RE: Validity

> Are you sure the guidelines capture every validity error that 
> might result in an accessibility barrier? How can we be sure 
> we have all bases covered? Is it not simpler to merely 
> require validity?

It is hard enough to convince developers to code in ways that _do_
positively impact access (e.g. using Headings).
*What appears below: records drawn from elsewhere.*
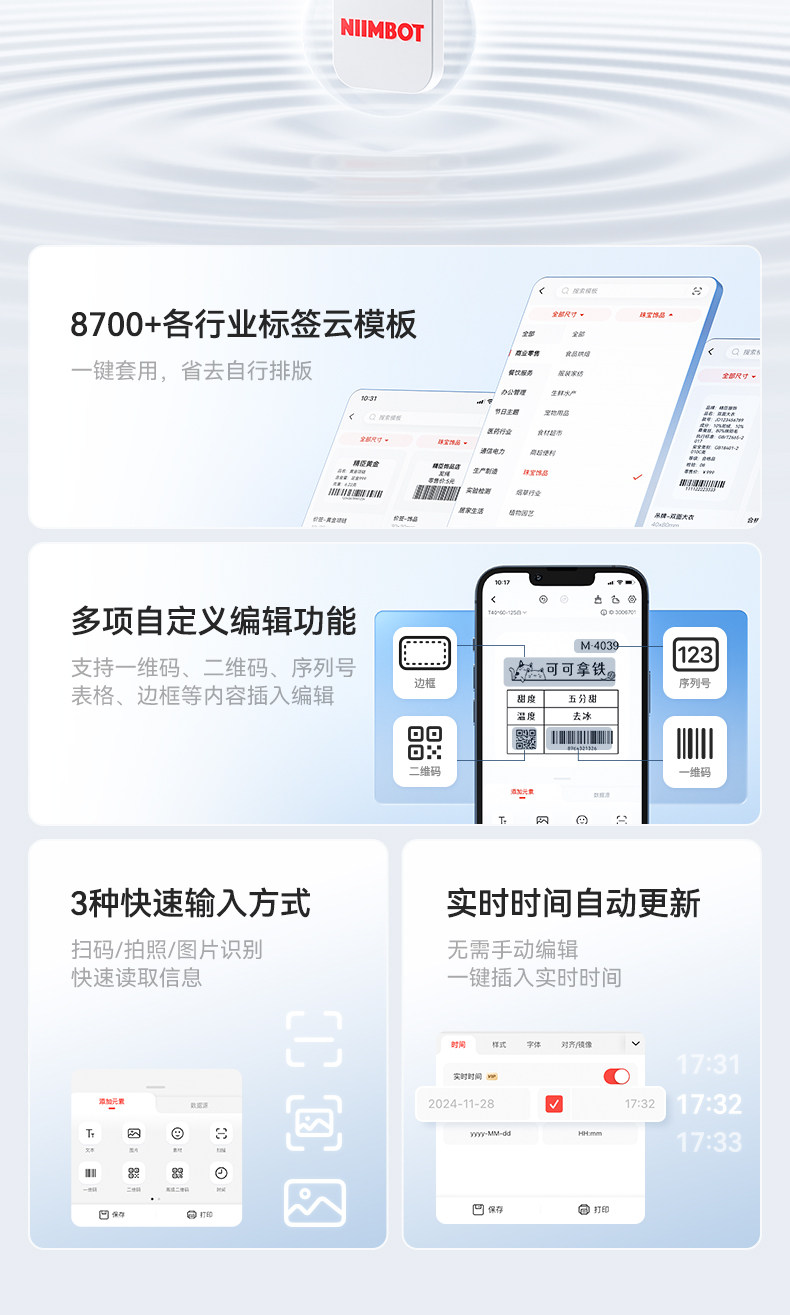 Jingchen K2 Label Printer Thermal Adhesive Food Production Date Drink Cup Sticker Clothing Tag Two-Dimensional Barcode Large Size Transparent Sticker Small Multi-Functional Commercial Smart Label Machine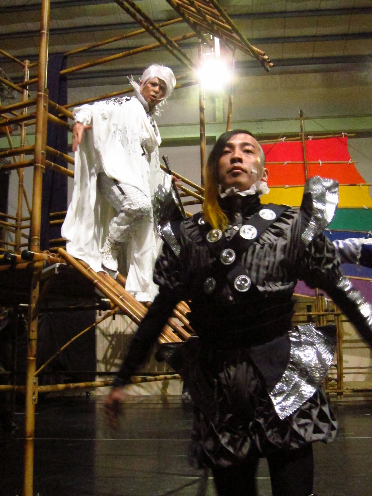 | 奪下今年臺語金曲歌王的荒山亮,除了替《黃金海賊王》寫詞、作曲,也擔任特別演出(飾演海賊王子)。在換上嶄新的髮型及服裝後,荒山亮非常興奮,開心的說,簡直像是黃金版「阿密特」,是「阿密亮」!站在前方的,是由實力派金枝團員李允中所飾演的「巴蒂克」,一頭金髮配上炫麗戲服,非常有型,兩個人站在一起,也成了最帥氣的「黑白郎君」。 |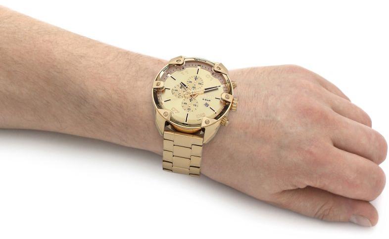Мужские наручные часы Diesel Spiked DZ4608. Точный кварцевый механизм с аналоговой индикацией. Корпус изготовлен из высококачественной нержавеющей стали 316L с высокими антикоррозийными свойствами. На циферблате отображается текущее число месяца. Функция хронографа. Браслет из нержавеющей стали. Прочное, устойчивое к царапинам минеральное стекло защищает часы от повреждений. Часы являются водонепроницаемыми до 5 Бар. Цвет корпуса: Желтое золото. Цвет циферблата: Золотистый. Ширина (с заводной головкой): 49мм. Толщина: 13мм. Гарантия: 2 года.

> More to the point, what exactly is the problem with validity? 
> As so many people feel quite passionately that validity will 
> kill the guidelines, although there's no evidence of this as 
> it's in WCAG 1.0, I feel I'm missing some fundamental point. 
> Thrashing out which validity errors cause accessibility 
> barriers and those that don't isn't getting us very far, and 
> is probably the reason this guideline is nowhere near ready.

The main points are:
1) Requiring validity doesn't always reflect the reality of what
developers need to do to make a page work. 
2) Invalid code doesn't necessarily harm users.
I wrote in the message you replied to:

I agree with the general desire to have valid code in web pages.  Having
simple, clean, semantic markup makes my life as a developer easier, and
I'm sold on valid code on that basis.  Having a requirement for valid
code in WCAG 2.0, when valid code doesn't always benefit users,
undermines the authority of the document.  Web developers will think
that this is an attempt to force a particular view of How The Web Must
Be rather than to ensure that disabled users are served.